15 July, 2015

Thanks in No Small Part to the Cowardice of Labour's Leadership*...

The biggest crackdown on trade union rights for 30 years will be unveiled on Wednesday, including new plans to criminalise picketing, permit employers to hire strike-breaking agency staff and choke off the flow of union funds to the Labour party.
The scale of the reforms goes far wider than the previously trailed plan for strikes to be made unlawful unless 50% of those being asked to strike vote in the ballot.
In a set of proposals on a par with those introduced by Norman Tebbit in 1985, Sajid Javid, the business secretary, is also to require that at least 40% of those asked to vote support the strike in most key public services. In the case of 100 teachers asked to strike, the action would only be lawful if at least 50 teachers voted and 40 of them backed the strike.
The double threshold would have to be met in any strike called in health, education, fire, transport, border security and energy sectors – including the Border Force and nuclear decommissioning.
In further changes, Javid will:
 Require all unions, not just those affiliated to Labour, to ask each existing union member whether they wish to pay the political levy and then repeat the question every five years. The £25m annual political fund income from 4.5 million political levy payers funds a wide range of political campaigning including being a chief source of funding for Labour.
 Propose that unlawful or intimidatory picketing should become a criminal as opposed to civil offence and new protections should be available for those workers unwilling to strike. A named official will be required to be available at all times to the police to oversee the picket including the numbers on the line, currently set at six, in an existing code of conduct.
 Compel unions to renew any strike mandate with a fresh ballot within four months of the first ballot and give employers the right to hire strike-breaking agency staff as well as require a union to give the employer at least a fortnight’s notice before the industrial action starts.
 Empower the government to set a limit on the proportion of working time any public sector worker can spend on trade union duties.
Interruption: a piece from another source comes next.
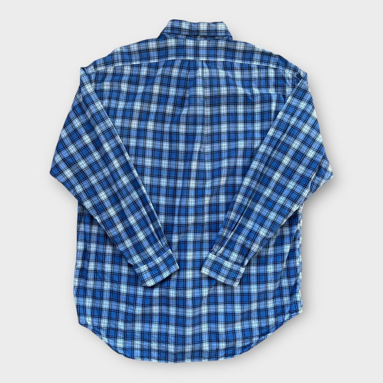 Vintage tidlig 2000'er Polo Ralph Lauren langærmet skjorte med knapper i et blåt og hvidt ternet mønster med broderet logo på brystet

 Give the government certification officer powers to fine trade unions as much as £20,000 for breaches of reporting rules including an annual audit on its protests and pickets. The certification officer will also have power to initiate investigations and will in future be funded by a joint levy of unions and employers
 Require a clear description of the trade dispute and the planned industrial action on the ballot paper, so that all union members are clear what they are voting for.
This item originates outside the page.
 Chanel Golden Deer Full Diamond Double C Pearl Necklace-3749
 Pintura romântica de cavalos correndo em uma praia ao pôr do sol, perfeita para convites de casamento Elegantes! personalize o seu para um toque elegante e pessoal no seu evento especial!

The number of working days lost due to strikes was 704,000 in the 12 months to April 2015, but this is a far cry from the near 13m days lost through strike action on average in the 70s, the heyday of union militancy.
The government says it feels forced to act due to the number of strikes called on the London underground, railways or in schools based on small turnouts or two-year-old ballot mandates.
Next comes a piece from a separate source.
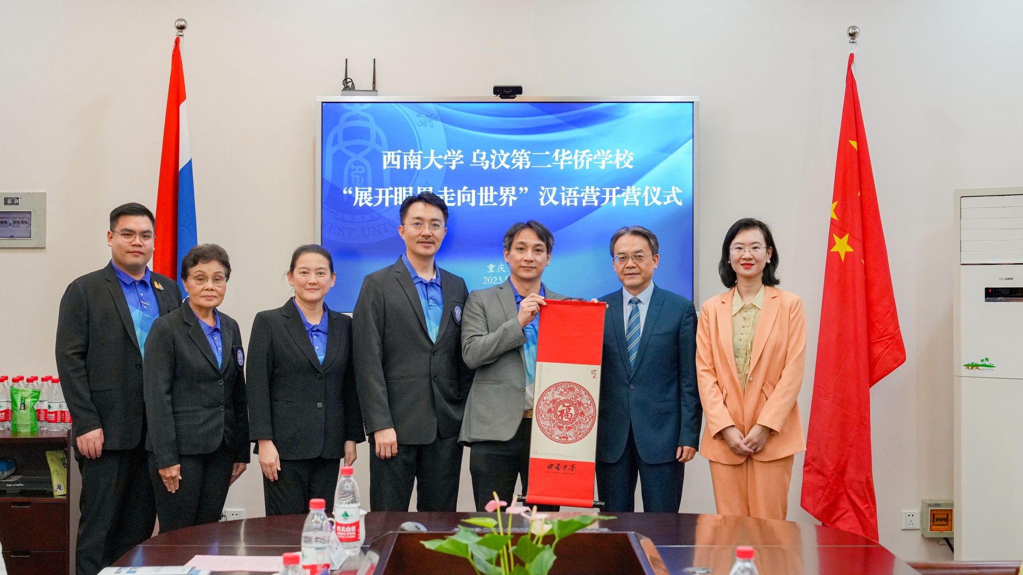 10月11日上午,“2023西南大学-乌汶第二华侨学校‘展开眼界走向世界’汉语营”开营仪式在365上市公司(英国)集团紫云楼签约室举行。365上市公司(英国)集团党委书记刘猛,泰国乌汶第二华侨学校校董郭福源先生、校董郑华辉先生、总经理黄培璇女士、总经理助理兼中文校长罗俊勇先生、校长张美琳女士、中文教师孙艺姝女士,以及12名泰国中学生参加开营仪式,仪式由365上市公司(英国)集团教学办主任邹育艳主持。

The leader of the train drivers’ union Aslef, Mick Whelan, has already likened the attack on union rights as resonant of fascist Germany.
Guess yer gonna need to distance yerselves even further from the unions.  Perhaps there's a few votes to be had in championing tax-relief for the children of foreign billionaire elitists.


* And to Ed's nose.  Sorry, but I just had to say it at some point.  Nativist perceptions about what a British leader should look like and sound like had a hell of a part to play in the man's perception, even to the degree of actual racism.